In one embodiment according to claim 17, two spring elements are nested one inside the other. The effect of these can be arranged either in parallel according to claim 18 or in series according to claim 19. These possibilities give the person skilled in the art the opportunity to select the arrangement depending on the desired spring action.

An arrangement according to claim 20 is particularly advantageous if a low overall height is to be achieved.

Claim 21 shows a possibility to supplement the characteristic of a spring element.

Figur 1

einen Skischuh mit im Absatzbereich weggebrochen dargestellter Schuhschale zur Sichtbarmachung eines starr verankerten Torsions-Federelementes und eines am hinteren Schafteil angreifenden Zugbandes,

Figur 2

ein Detail des Absatzbereiches nach der Figur 1 in grösserem Massstab und längsmittig aufgeschnitten,

Figur 3

eine Draufsicht auf einen Horizontalschnitt nach der Figur 2,

Figur 4

eine Ausführungsvariante zur Figur 1 mit Hebel und Zugsstange,

Figur 5

eine weitere Ausführungsvariante mit Zugseilen,

Figur 6

eine weitere Ausführungsvariante mit Hebel und Mitnehmer,

Figur 7

eine Ausführungsvariante mit Verstellmöglichkeit zum Einstellen der Ruhelage bzw. des Einsatzpunktes der Federwirkung,

Figur 8

eine weitere Ausführungsvariante mit fliegend gelagertem Federelement,

Figur 9

die Anordnung des Federelementes nach der Figur 8,

Figur 10

ein Doppel-Federelement in Parallelschaltung, im Querschnitt,

Figur 11

das Federelement nach Figur 10 in einer Seitenansicht,

Figur 12

zwei parallelgeschaltete Federelemente und

Figur 13

ein Federelement mit parallelgeschaltetem Gummmikörper.

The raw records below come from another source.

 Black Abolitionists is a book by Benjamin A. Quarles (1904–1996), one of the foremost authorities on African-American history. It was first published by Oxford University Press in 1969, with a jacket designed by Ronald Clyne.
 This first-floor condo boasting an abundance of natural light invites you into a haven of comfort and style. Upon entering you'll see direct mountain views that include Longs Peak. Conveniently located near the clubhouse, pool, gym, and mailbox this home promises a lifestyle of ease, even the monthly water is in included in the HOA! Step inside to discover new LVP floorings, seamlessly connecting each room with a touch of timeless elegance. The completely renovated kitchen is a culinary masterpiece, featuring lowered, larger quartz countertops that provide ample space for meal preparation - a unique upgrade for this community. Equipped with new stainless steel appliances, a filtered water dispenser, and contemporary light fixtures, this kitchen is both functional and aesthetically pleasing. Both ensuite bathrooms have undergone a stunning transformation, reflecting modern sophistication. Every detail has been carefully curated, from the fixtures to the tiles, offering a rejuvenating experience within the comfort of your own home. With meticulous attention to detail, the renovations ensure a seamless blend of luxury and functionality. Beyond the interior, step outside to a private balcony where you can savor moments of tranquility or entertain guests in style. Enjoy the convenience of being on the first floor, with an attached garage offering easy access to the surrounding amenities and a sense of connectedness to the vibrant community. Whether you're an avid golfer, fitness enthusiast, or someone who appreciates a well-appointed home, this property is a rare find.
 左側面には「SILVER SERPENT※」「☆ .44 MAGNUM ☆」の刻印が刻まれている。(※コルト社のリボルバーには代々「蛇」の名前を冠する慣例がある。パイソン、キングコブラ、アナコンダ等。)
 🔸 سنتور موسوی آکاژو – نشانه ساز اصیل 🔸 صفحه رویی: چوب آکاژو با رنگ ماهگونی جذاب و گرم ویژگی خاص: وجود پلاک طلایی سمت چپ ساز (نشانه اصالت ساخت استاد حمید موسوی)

Exemplary embodiments of the invention are explained in more detail with reference to the drawings. It shows:

Figure 1

a ski boot with a shoe shell shown broken away in the heel area for the visualization of a rigidly anchored torsion spring element and a drawstring acting on the rear part of the sheep,

Figure 2

2 shows a detail of the sales area according to FIG. 1 on a larger scale and cut open lengthways,

Figure 3

3 shows a plan view of a horizontal section according to FIG. 2,

Figure 4

1 variant with lever and pull rod,

Figure 5

another variant with pull cables,

Figure 6

another variant with lever and driver,

Figure 7

an embodiment variant with adjustment option for setting the rest position or the point of application of the spring action,

Figure 8

a further embodiment variant with a floating spring element,

Figure 9

the arrangement of the spring element according to Figure 8,

Figure 10

a double spring element in parallel connection, in cross section,

Figure 11

10 in a side view,

Figure 12

two spring elements connected in parallel and

Figure 13

a spring element with parallel connected rubber body.

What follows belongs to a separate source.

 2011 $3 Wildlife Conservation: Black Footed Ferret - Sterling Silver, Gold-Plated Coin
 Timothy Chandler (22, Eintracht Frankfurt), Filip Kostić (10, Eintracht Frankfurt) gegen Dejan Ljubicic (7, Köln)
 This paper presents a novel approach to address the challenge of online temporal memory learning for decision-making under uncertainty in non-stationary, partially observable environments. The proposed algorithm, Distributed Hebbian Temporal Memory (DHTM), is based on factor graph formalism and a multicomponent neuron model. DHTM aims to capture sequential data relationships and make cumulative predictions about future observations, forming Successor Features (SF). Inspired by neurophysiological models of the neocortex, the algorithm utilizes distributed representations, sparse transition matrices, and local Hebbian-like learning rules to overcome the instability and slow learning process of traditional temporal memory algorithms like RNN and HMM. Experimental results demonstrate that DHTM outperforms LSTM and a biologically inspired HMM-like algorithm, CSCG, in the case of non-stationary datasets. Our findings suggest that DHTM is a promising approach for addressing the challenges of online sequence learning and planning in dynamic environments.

The ski boot shown in FIG. 1 has a shoe sole 10 with a shoe shell 12 arranged thereon, which consists of a lower shell 14 firmly connected to the shoe sole 10 and a shaft consisting of a front shaft part 16 and a rear shaft part 18. The two shaft parts 16 and 18 are articulated on the joint axis 20 lying horizontally and transversely to the longitudinal axis of the shoe on the lower shell 14 and are held together by a buckle 22 in the upper region. Compressible ribs 24 are arranged between the lower shell 14 and the front shaft part 16. A double arrow 26 designates the mobility of the two shaft parts 16 and 18 relative to the shoe sole 10. The lower shell 14 and the shaft parts 16 and 18 are shown broken away in the heel area in order to make a damping arrangement 28 in this area visible. The damping arrangement 28 has a torsion rubber spring element 30 on the core piece 32 of which is rigidly connected to the lower shell 14 by means of an anti-rotation tab 34. The spring element 30 also has a tube piece 36 which is rotatable relative to the core piece and to which a tension band 40 is fastened on the circumferential side by means of a screw 38. At its other end the drawstring 40 is connected to a threaded bolt 42 which engages on the rear shaft part 18 by means of a knurled nut 44. The knurled nut 44 is held in the rear shaft part 18 by means not shown and is accessible from the outside through a window 46.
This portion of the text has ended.